Here's the server code
------- fileServer.py ------
import rpyc
import sys
import argparse
from rpyc.utils.server import ThreadedServer

# this code comes straight off a 'this works for me' example
class FileService(rpyc.Service):
    def exposed_open(self,filePath, mode = 'r'):
        return open(filePath,mode)

# argparse is overkill for this, but I'm a fan
parser = argparse.ArgumentParser()
parser.add_argument(u'-port',  metavar = u'use this port', dest= u'port', required=True)
args = parser.parse_args( sys.argv[1:] )

if __name__ == "__main__":
    # just like numerious examples on the web
    t = ThreadedServer(FileService, port=int(args.port))
    t.start()

--------------
now the client code

------- fileClient.py -------

from __future__ import print_function
import rpyc
import argparse
import os
import sys
import shutil

# after this args.directory holds directory path and args.port the port number of the server
parser = argparse.ArgumentParser()
parser.add_argument(u'-port',  metavar = u'use this port', dest= u'port', required=True)
parser.add_argument(u'-dir',  metavar = u'local directory name', dest= u'directory', required=True)
args = parser.parse_args( sys.argv[1:] )

# proof that the problem is not junk coming in from the command line
if not os.path.isdir(args.directory):
    print ('directory', args.directory,'not accessible')
    exit (1)

# use os.path.join to show problem is not due to badly formated path name
localPath     = os.path.join(args.directory,'destination.txt')
remotePath    = os.path.join(args.directory,'source.txt')

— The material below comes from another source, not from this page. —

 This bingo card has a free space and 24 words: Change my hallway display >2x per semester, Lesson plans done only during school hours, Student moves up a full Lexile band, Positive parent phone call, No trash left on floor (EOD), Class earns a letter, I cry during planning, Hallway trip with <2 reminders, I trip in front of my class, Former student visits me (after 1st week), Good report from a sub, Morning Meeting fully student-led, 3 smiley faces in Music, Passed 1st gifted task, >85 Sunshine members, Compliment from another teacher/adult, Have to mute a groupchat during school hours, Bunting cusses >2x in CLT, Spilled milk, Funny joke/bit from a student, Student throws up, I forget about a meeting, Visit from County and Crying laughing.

# test each line separately to isolate the failure
try:
localFile     = open(localPath, 'w')
except:
        print('cannot open',localPath)
        exit
try:
    conn          = rpyc.connect('localhost', port = int(args.port))
except:
    print('rpyc.connect failed')
    exit
try:
remoteFile    = conn.root.open( remotePath, 'r' )
except:
print('conn.root.open failed')
exit

try:
    shutil.copyfileobj(remoteFile, localFile)
except:
    print ('copyfileobj error:', sys.exc_info()[0])

---------------
so let's take it out for a spin

-----------
dmnicol-MacBook-Pro-5:np-live dmnicol$ 
dmnicol-MacBook-Pro-5:np-live dmnicol$ ls testing/
source.txt
dmnicol-MacBook-Pro-5:np-live dmnicol$ python3 fileServer.py -port 11111 &
[1] 24764
dmnicol-MacBook-Pro-5:np-live dmnicol$ python3 fileClient.py -port 11111 -dir 'testing'
copyfileobj error: <class 'AttributeError'>

-----------
and what attribute error might that be?  Bring in pdb, step to the offending line and see

-> shutil.copyfileobj(remoteFile, localFile)

(Pdb) shutil.copyfileobj(remoteFile, localFile)

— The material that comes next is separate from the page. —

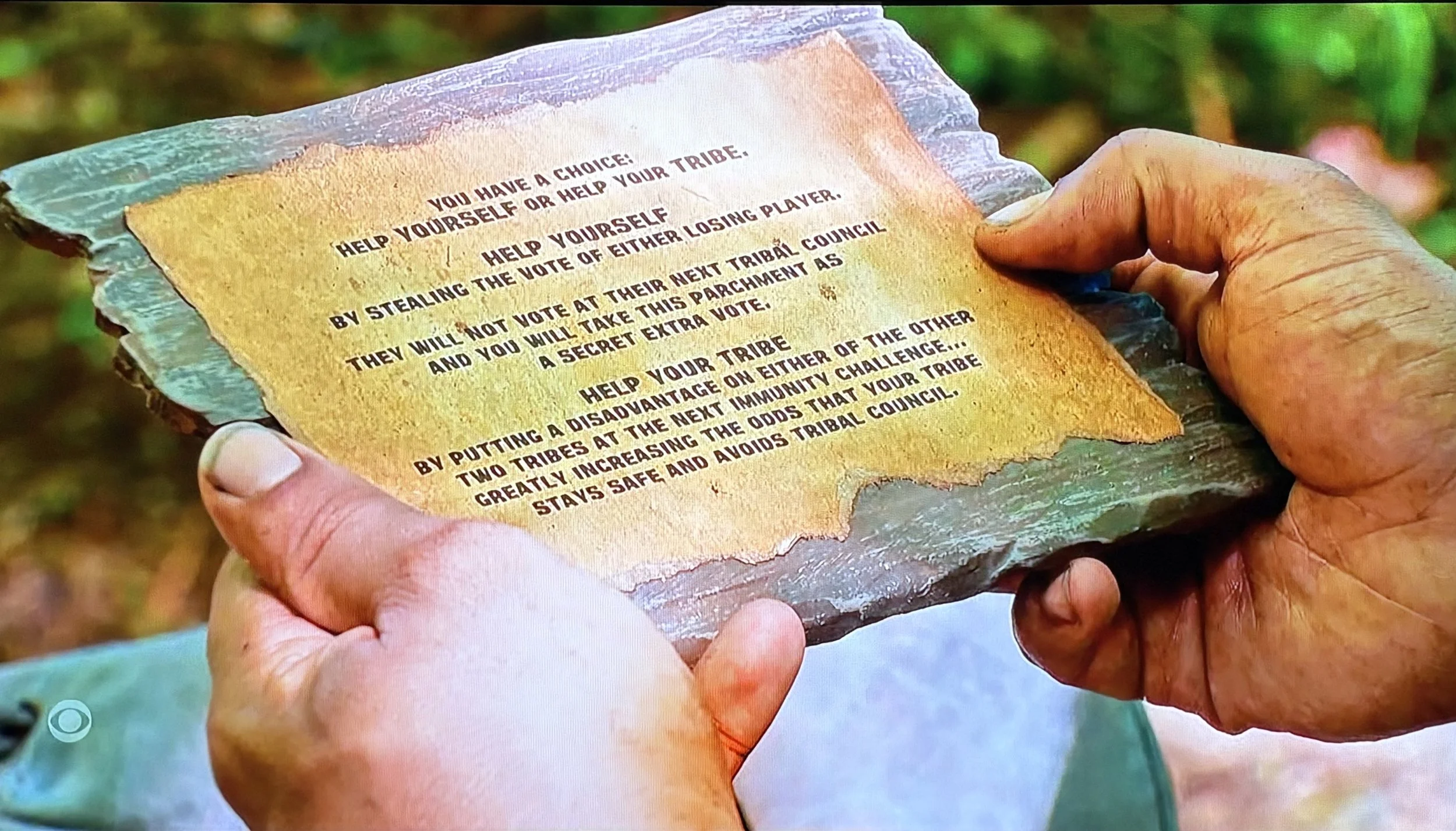 Enter the first Beware Advantage. Alex finds it and has to wait until after KELE loses an Immunity Challenge to find the next clue at the tree mail. Alex also has Jake with him when he finds the Beware Advantage cementing their alliance in the game to this point. I think going through these experiences together on the Survivor bucket list carries a lot of weight.

*** AttributeError: cannot access 'read'

========= Remote Traceback (1) =========
Traceback (most recent call last):
  File "/Library/Frameworks/Python.framework/Versions/3.4/lib/python3.4/site-packages/rpyc/core/protocol.py", line 305, in _dispatch_request
    res = self._HANDLERS[handler](self, *args)
  File "/Library/Frameworks/Python.framework/Versions/3.4/lib/python3.4/site-packages/rpyc/core/protocol.py", line 541, in _handle_getattr
    return self._access_attr(oid, name, (), "_rpyc_getattr", "allow_getattr", getattr)
  File "/Library/Frameworks/Python.framework/Versions/3.4/lib/python3.4/site-packages/rpyc/core/protocol.py", line 504, in _access_attr
    raise AttributeError("cannot access %r" % (name,))
AttributeError: cannot access 'read'

------------------------
I'm not so sophomoric to believe I'm not doing something wrong here, but the code is taken nearly
exactly as I'm finding examples to follow.   Any help will be appreciated.